En cuanto a Mitchell no hay nada que no merezca ser escuchado con atención. Siempre estuvo uno o dos pasos por delante de los géneros en que eligió desenvolverse, desde el folk de sus comienzos pasando por el pop semi tecnológico de sus discos para Geffen, los satélites del jazz y la americana de sus últimas producciones –con la fiel complicidad, durante más de veinte años, de Wayne Shorter–. El saxofonista apareció en disco junto a ella, por primera vez, en Don Juan’s Reckless Daughter, registrado en vivo en 1977. Todo el segundo lado del primer disco (originariamente se trataba de un álbum de dos LPs) estaba ocupado por un solo tema, un homenaje a los pobladores nativos de su Saskatchewan natal titulado “Paprika Plains” que duraba unos 16 minutos con largos momentos de improvisación a cargo del piano de la autora, Jaco Pastorius en bajo eléctrico fretless y, como puntuaciones, las orquestaciones de Michael Gibbs. Shorter aparecía recién al final, y era el mejor final imaginable.

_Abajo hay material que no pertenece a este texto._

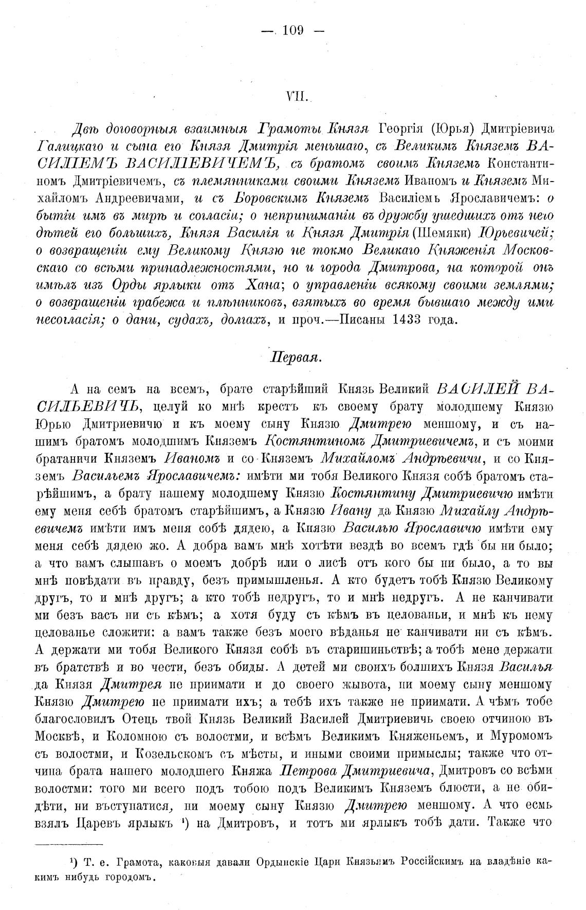 1) Т. е. Грамота, какое,ыя давали Ордыншйе Цари Князьяиъ на владгВнт ка-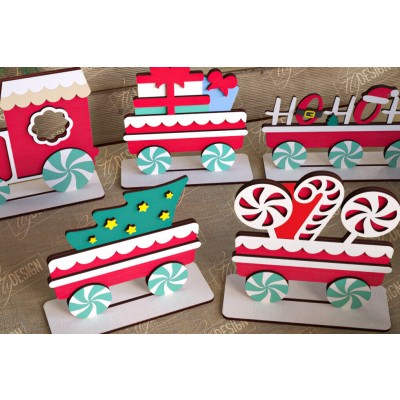Σετ των 2 Intra απο ξύλο plywood Χρώμα wenge 3mm-4mm πάχος - Χριστουγεννιάτικο Τρένο | Διακοπές | Το τρένο του Άη Βασίλη Δίασταση 15x15 cm INTRAFABR-79576846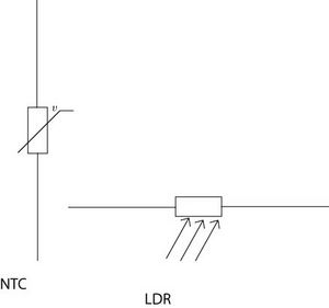 Er bestaan weerstanden afhankelijk van licht en warmte. Dat zijn de LDR en de NTC. Als de LDR licht ontvangt, daalt zijn weerstand. Als de NTC warmte opneemt, daalt zijn weerstand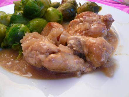 Poser les morceaux de dinde sur lequel vous aurez émietté le foie gras du congélateur dans un plat et servir la sauce à part, dans une saucière.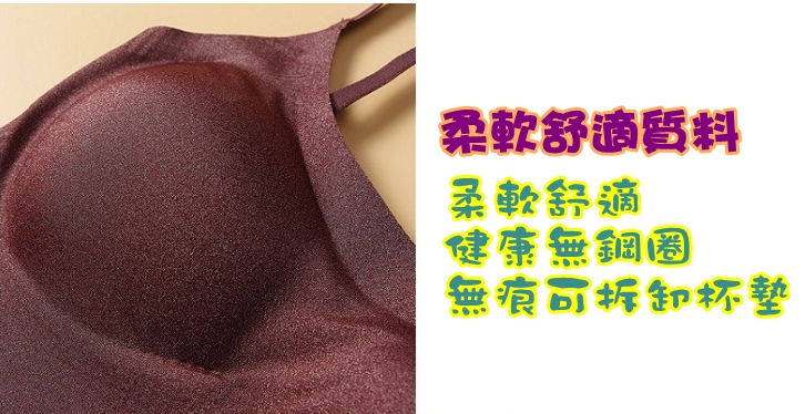 免穿bra!無痕可拆卸杯墊,無鋼圈設計與冰絲材質,少了束縛感,更多的是舒適與親膚好感~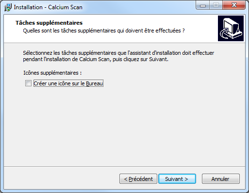 Par défaut, la création d’une icône sur le Bureau n’est pas activée. Choisissez si oui ou non il faut un raccourci sur le Bureau, puis Suivant
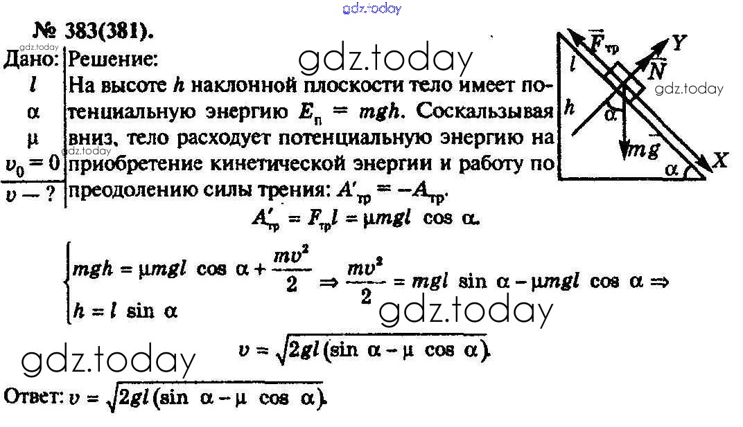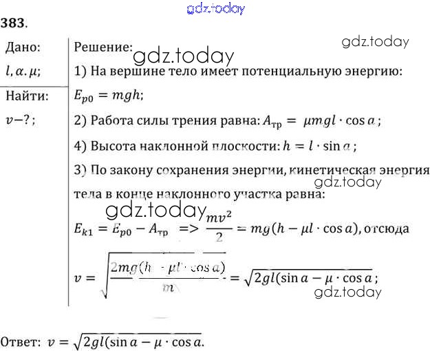 На страницах сайта gdz.today вы найдете учебный и вспомогательный материал, направленный на улучшения знаний школьной программы. ГДЗ - онлайн мир знаний Задачи 383 Задачнику по Физике для 10-11 класса Рымкевич Дрофа УМК 2013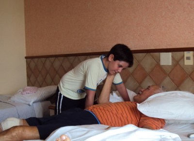 Depois que eu estava no chão, Flá e Dani e a Renata (a empregada) correram para ver o que tinha acontecido, porque eu só falei: “Eu caí”! Primeiro, estava doendo demais, eu só gemia. Depois, a gente começou a pensar como eu ia levantar. Não dava para ajoelhar, o dito doía demais. Elas não podiam me puxar pelos braços por causa da cirurgia. E eu não podia me apoiar nos braços, também por causa da supra-citada. Aí começamos a rir. Levei um tempão para me ligar que podia apoiar no outro joelho. Bem, consegui me colocar na vertical de novo.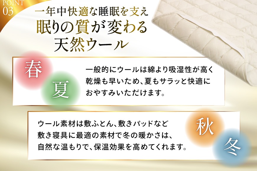 プレミアム フランスウール ベットパッド 防縮加工 ダブル (140×198cm) ウォッシャブル対応 [インテリアやない 福岡県 筑紫野市 21761338] ベッドパッド ウール 寝具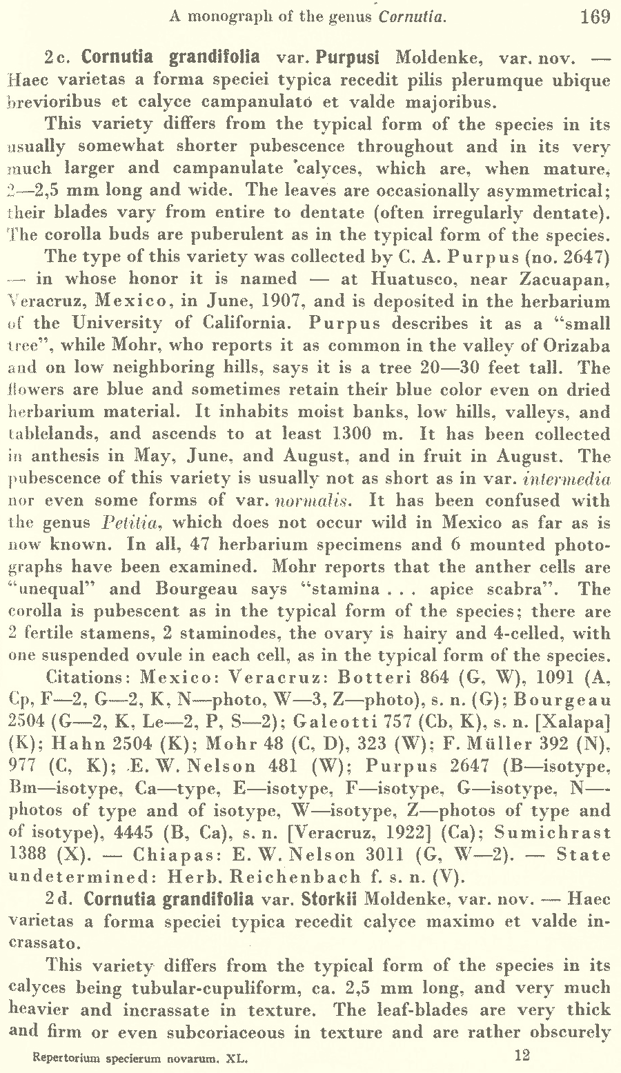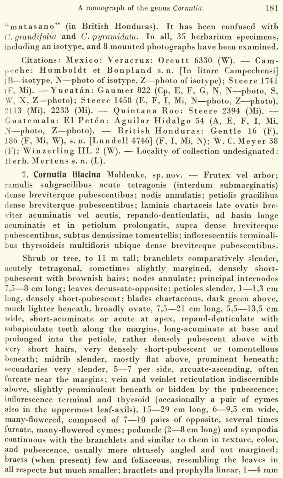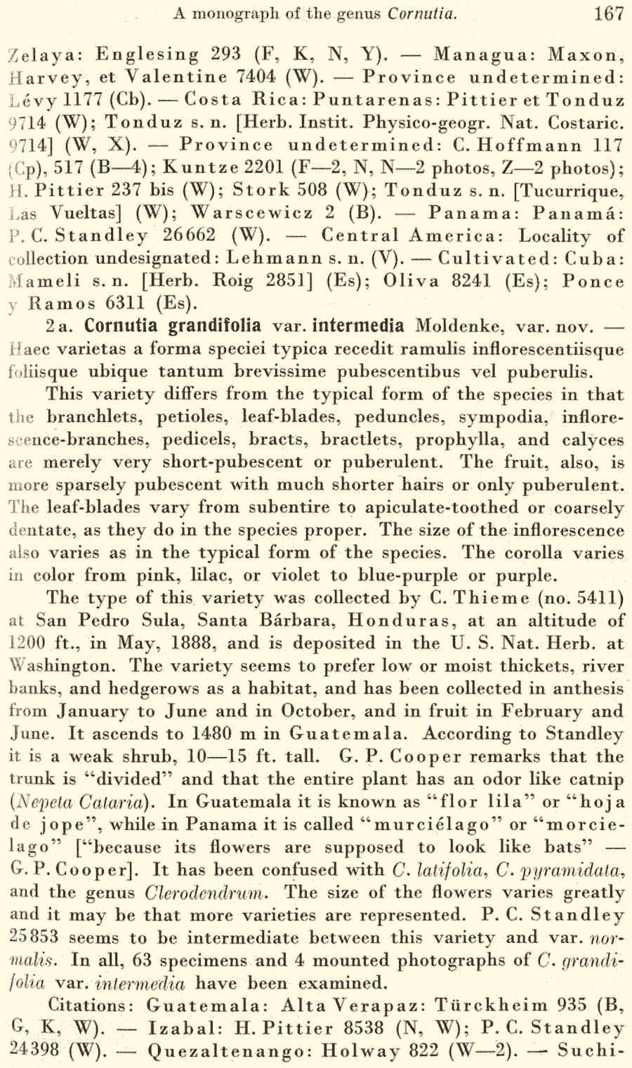 | Андрей Ковальчук | Протолог Cornutia grandifolia var. intermedia Moldenke (Repertorium Specierum Novarum Regni Vegetabilis 40(11–19): 167. 1936 [30 Jun 1936]) и Cornutia grandifolia var. quadrangularis Oerst. ex Moldenke (Repertorium Specierum Novarum Regni Vegetabilis 40(11–19): 168. 1936 [30 Jun 1936]):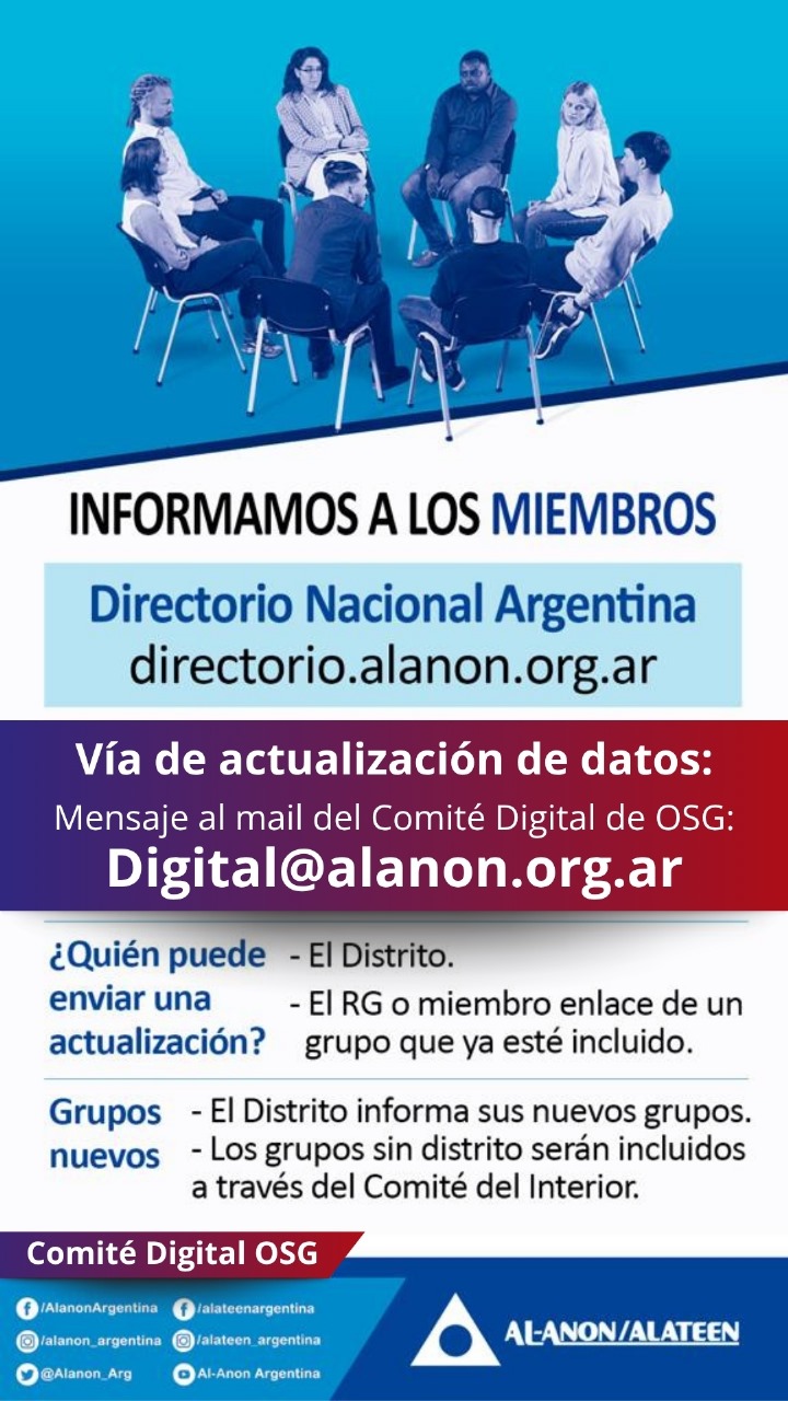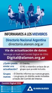 Para actualizar datos de grupos del Directorio Nacional hay que enviar un email al Comité Digital de OSG digital@alanon.org.ar

Otro de las joyas a las que YouTube permite acercarse es la película con el recital cuya grabación se publicó con el título de Shadows and Light. Registrado en 1980 –es una actuación paralela, en muchos aspectos, al álbum Mingus– , el film comienza con imágenes de películas de los años cincuenta, que luego intercala, junto con tomas de distintas fuentes, con la actuación en vivo de una banda ejemplar: Joni Mitchell, Pat Metheny, Jaco Pastorius, Don Alias, Lyle Mays y Michael Brecker (escuchen su prodigioso contrapunto con Pastorius a partir del minuto 29). Sencillamente uno de los grandes recitales de la historia.